To better understand why associativity does not terminate in EqSat, here is an example: suppose \(\cdot\) is associative and satisfy the ground identity \(0\cdot a\approx 0\) for constants \(0,a\). Now suppose we orient this identity into rewrite rule \(0\cdot a\rightarrow 0\) while having the associative rule \((x\cdot y)\cdot z\rightarrow x\cdot(y\cdot z)\). This is a terminating term-rewriting system (although not confluent, because the term \((0\cdot a)\cdot a\) has two normal forms \(0\) and \(0\cdot(a\cdot a)\)).

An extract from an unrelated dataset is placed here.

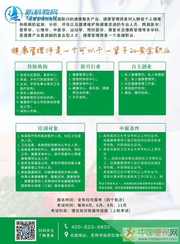 有志于在健康体检、.服务、健康保险、*保健、健康养老以及体育健身、.旅游、美容养生、母婴服务、保健食品、营养等行业从事健康教育、健康咨询、健康管理及相关的各界人士ERDZ。招生专业共分健康管理师、高级健康管理师两个级别。健康管理师要求大专以上学历,或从事健康及相关工作3年以上;高级健康管理师要求具有健康相关专业本科学历,或大专学历及从事健康相关工作5年以上,并取得健康管理师证书者。医学、营养、心理等健康领域特殊贡献者,在级别申报时可适当放宽,不同级别的学员需参加相应级别的考试ERDZ。
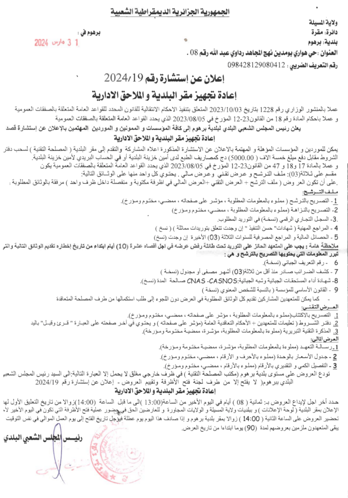 استشارة من أجل:إعادة تجهيز مقر البلدية والملاحق الادارية2 أبريل، 20240 43 شاركها فيسبوك X مشاركة عبر البريد طباعة

However, this ruleset causes problems in EqSat: Starting with the initial term \(0\cdot a\), EqSat will apply the rewrite rule \(0\cdot a\rightarrow 0\) and merge \(0\cdot a\) and \(0\) into the same E-class. The E-graph will look like this:

Notice that because of the existence of cycles in this E-graph, it
represents not only the two terms \(0\)
and \(0\cdot a\) but indeed an infinite
set of terms. For example,
\((0\cdot a)\cdot a\) is *explicitly*
represented by E-class \(q_0\) because
\[(0\cdot a)\cdot a\rightarrow^* (q_0\cdot
q_a)\cdot q_a\rightarrow q_0\cdot q_a\rightarrow q_0.\] In fact,
\(q_0\) represents the infinite set of
terms \[0\cdot a\approx(0\cdot a)\cdot
a\approx ((0\cdot a)\cdot a)\cdot a\approx\cdots.\] For any such
term \((0\cdot a)\cdot\cdots\), it can
be rewritten to a term of the form \(0\cdot
(a\cdot \cdots)\). Now, for associativity to terminate, the
output E-graph need to at least represent the set of terms \(a,a\cdot a,(a\cdot a)\cdot a,\cdots\),
where any two terms are not equal. This requires infinitely many
E-classes, each represents some \(a^n\), while a finite E-graph will have
only a finite number of E-classes. Therefore, EqSat will not terminate
in this case.

In our last example, the term rewriting system \(R=\{0\cdot a\rightarrow 0,(x\cdot y)\cdot z\rightarrow x\cdot (y\cdot z)\}\) is terminating, but it is not confluent. Confluence means that every term will have at most one normal form, and associativity is usually not confluent. One may be tempted to think that maybe non-confluence is what causes EqSat to not terminate. But it is not the case; there are canonical (i.e., terminating + confluent) TRSs that are non-terminating in EqSat. Here we give such an example: Let the TRS \(R\) be \[\begin{align*} h(f(x), y) &\rightarrow h(x, g(y))\\ h(x, g(y)) &\rightarrow h(x, y)\\ f(x) &\rightarrow x \end{align*}\]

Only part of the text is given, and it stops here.